Nobody would believe in quantum mechanics except for one rather important detail — it offers very exact predictions which fit very exactly with experimental results. Pines offered exact predictions for this “plasmon” — or plasma wave, if at all it existed. Importantly, Pines predicted such a “demon” (named in honour of Maxwell’s Demon, a famous thought experiment) could exist at room temperature. Pines’ Demon would be transparent, it would have no charge, and it would have no mass (because charge and mass would be cancelled out). So how do you find this thing, if it exists?
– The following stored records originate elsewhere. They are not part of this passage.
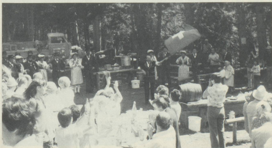
Un groupe folklorique agrémente l'excursion du dimanche.

L'après-midi fut consacré à divers problèmes et avant tout au message du Conseiller fédéral Aubert qui rendit son auditoire attentif au travail de son Département, actuellement préoccupé par les relations de la Suisse avec l'ONU. Il défendit la thèse de l'interdépendance internationale toujours croissante, à laquelle la Suisse ne peut se soustraire, son adhésion à l'ONU s'avère nécessaire dans le cadre de la politique extérieure traditionnelle et pragmatique. Au début, les relations extérieures de
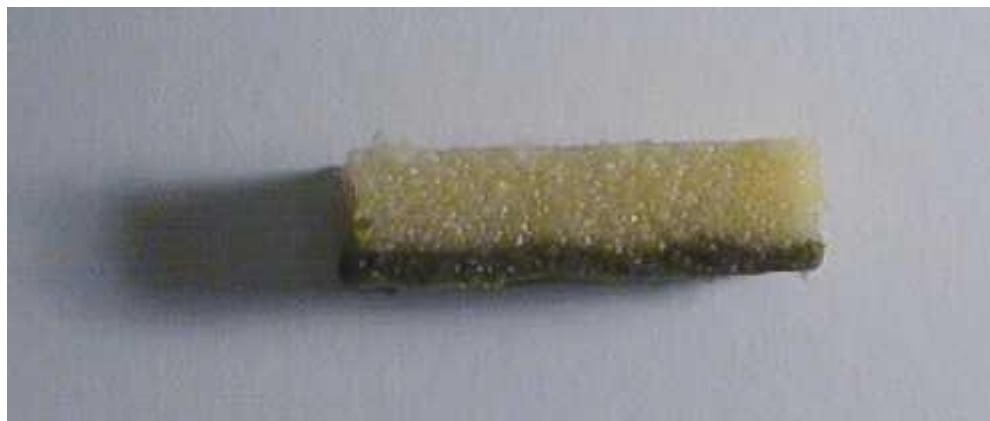
Mynd 2. Loðnuhrognakaka með þörungamjölseigi

Búið var til þörungamjölseig, sem smurt var þunnt á hrognakökurnar þannig að það líktist þarablaði og fest með festilegi II. Var þetta gert með því að setja vatn og alginat út í þörungamjölið í hlutföllunum 77 % vatn, 18 % þörungamjöl og loks 5 % alginat. Eftir að þörungamjölseigið var tilbúið var þunnu lagi smurt á hrognaköku og sett í festibað (sjá mynd 2).
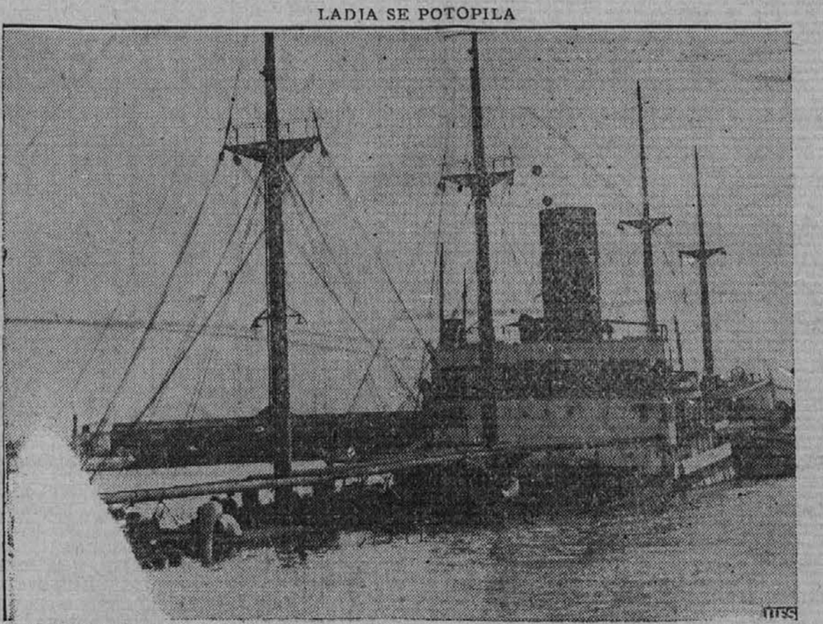
Tovorna ladja Edgar F. Luckenbach iz New Yorka, ko se je nedavno potapljala v pristanišču v New Orleansu po neki koliziji. Vsa njena posadka pa se je k sreči pravočasno rešila brez nezdod.

"Amerikanski Slovenec" in "Novi Svet" sta lista, brez katerih bi ne smela biti nobena slovenska družina!
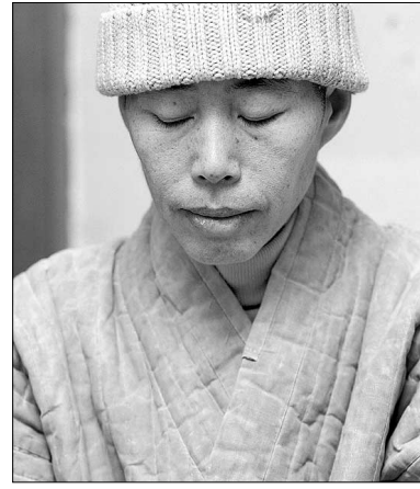
상태로 단식을 그만둔다는 것은 있을 수 없다. 지금 몸은 힘들지만 마음은 편하다. 어려운 조건에서도 찾아와준 사람들에게는 고마움을 전하고 싶다. 당분간은 천성산 문제에 대해 좀 더 정리를 할 생각이다. 우선은 ‘초록의 공명’ CD를 보급하는 것에 역점을 둘 계획이다.

안하는 것은 말도 안 된다. 그리고 이것은 자신들의 잘못을 인정하는 처사다. 잘못된 것이 얼마나 많으면 소리 없이 일을 꾸미겠는가? 다시 한번 강조하지만 지금처럼 공사는 공사대로 하면서 환경영향평가를 운운하는 것은 인정할 수 없다. ▲시민환경단체들의 반응은 어떠한지. -오늘 오전에 환경단체 실무자로부터 전화가 왔다. 단체대표자들이 기자회견을 열어 문제해결을 요구하겠다고 했다. 그러나 이러한 기자회견은 원치 않는다. 2심에서 각각 결정이 났을 때, 뽀뽀이 흩어졌던 단체들이 이제 와서 다시 뭉 하겠다고 하는지 모르겠다. 당분간 그냥 있어 줬으면 좋겠다. ▲단식이 길어지면서 걱정하는 사람들이 많다. -제대로 된 환경영향평가속이 없는

Other materials, which are not superconductors, have some properties similar to superconductors. Strontium ruthenate is one of those materials. When the team looked at the electronic structure of the crystal, they found such a plasma wave. This consisted of two electron bands oscillating out-of-phase with nearly equal magnitudes, which behaved like a particle just like Pines theorised. If this team or some other researchers can make sense of the results and manipulate these effects, they may achieve a better understanding of how superconductors work and maybe, just maybe, figure out how to make superconductors at closer to normal pressure-temperature gradients.

Maxwell’s Demon

James Clerk Maxwell (1831-1879) conceptualised a “demon which could play games of skill with molecules”. The demon opens or shut a door, which connects two chambers that are both filled with gas. The demon allows only fast-moving molecules to pass through to one chamber and slow-moving molecules into the other chamber. Fast-moving molecules have higher temperatures, while slow molecules have lower temperatures. So the chambers would have different temperatures. This has important implications and it could violate the second law of thermodynamics if such a demon (think of it as an AI if you like) could exist. The second law is the reason why a glass dropped on the floor shatters into many pieces (increase of entropy) but the glass pieces thrown together don’t turn into a glass (decrease of entropy).

Nobody has managed to make Maxwell’s demon yet but the term passed into physics vocabulary. Pines’ Demon does exist and it has been retconned to “Distinct Electron Motion” to describe how this model works.